= Beginning of Section =
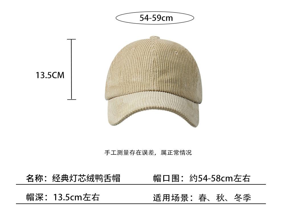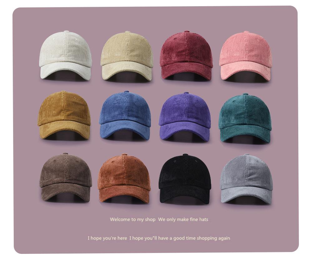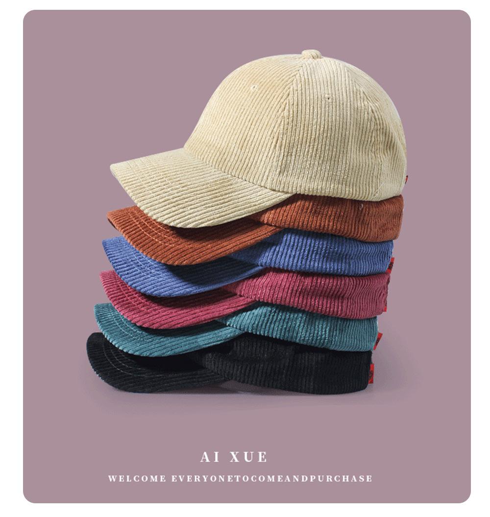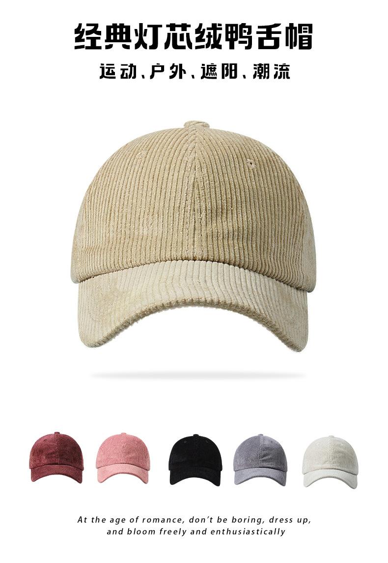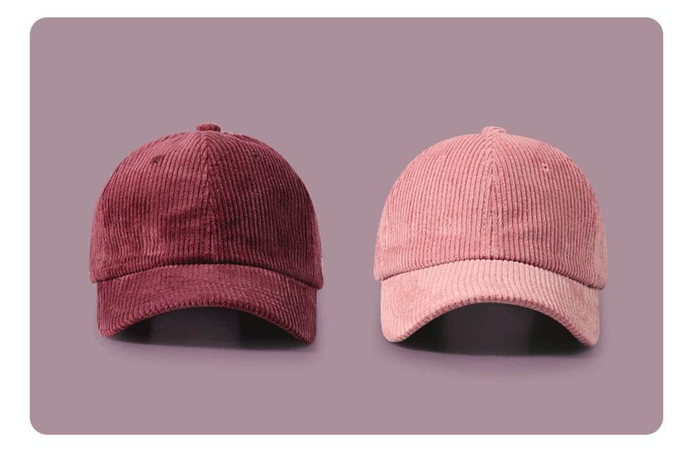 Gorra de béisbol de pana ligera para mujer, de otoño, sencilla, de color liso, cálida y combinable.
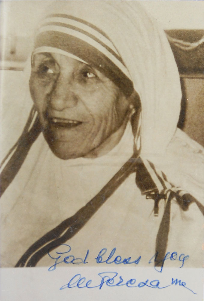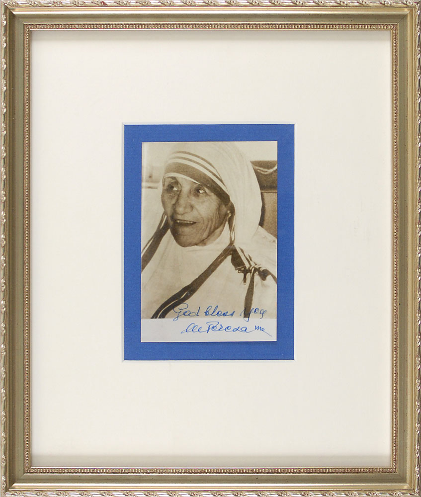 Glossy 3 x 4.25 photo of Mother Teresa, signed at the bottom of the image in blue felt tip, “God bless you, M Teresa mc.” Matted and framed to an overall size of 9 x 11. In fine condition, with a scuff to the frame’s plexiglass. Pre-certified PSA/DNA and RR Auction COA.
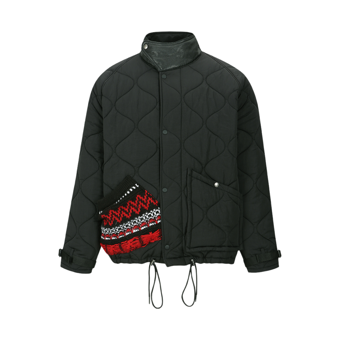 ADSB 앤더슨벨 뉴 노르딕 니트 패치 퀼티드 숏 파카 블랙
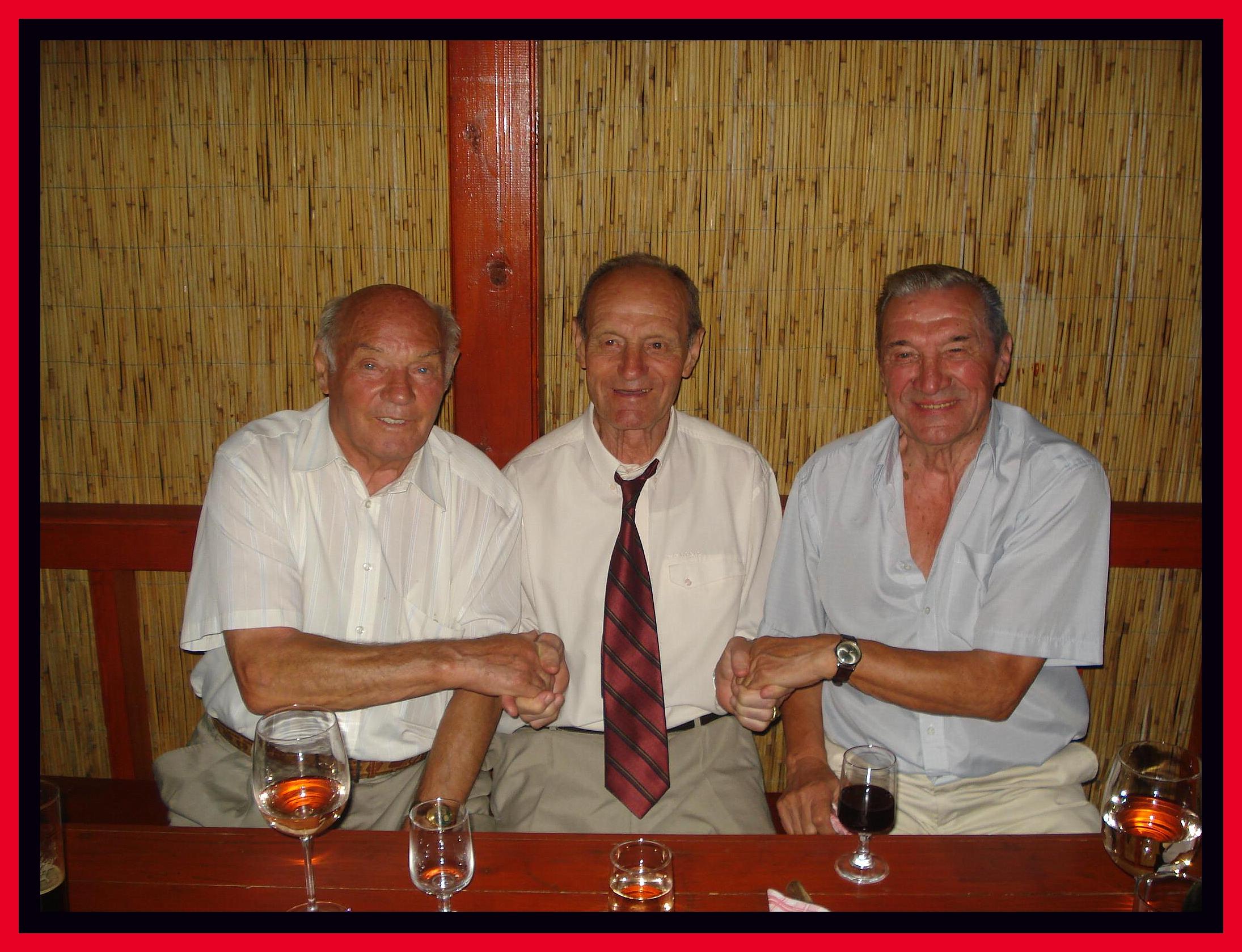 Három dorogi legenda, egyben jó barát együtt. Balról Buzánszky Jenő, Monostori Tivadar és Bakonyi István (forrás: Monostori család albumából).
= End of Section =
Task requirements: Skip every picture and retype only the lines from the line with "ADSB 앤더슨벨 뉴 노르딕 니트 패치 퀼티드 숏 파카 블랙" through the last line of the listing, both ends included, exactly as they appear.

Result of this exercise:
 ADSB 앤더슨벨 뉴 노르딕 니트 패치 퀼티드 숏 파카 블랙
 Három dorogi legenda, egyben jó barát együtt. Balról Buzánszky Jenő, Monostori Tivadar és Bakonyi István (forrás: Monostori család albumából).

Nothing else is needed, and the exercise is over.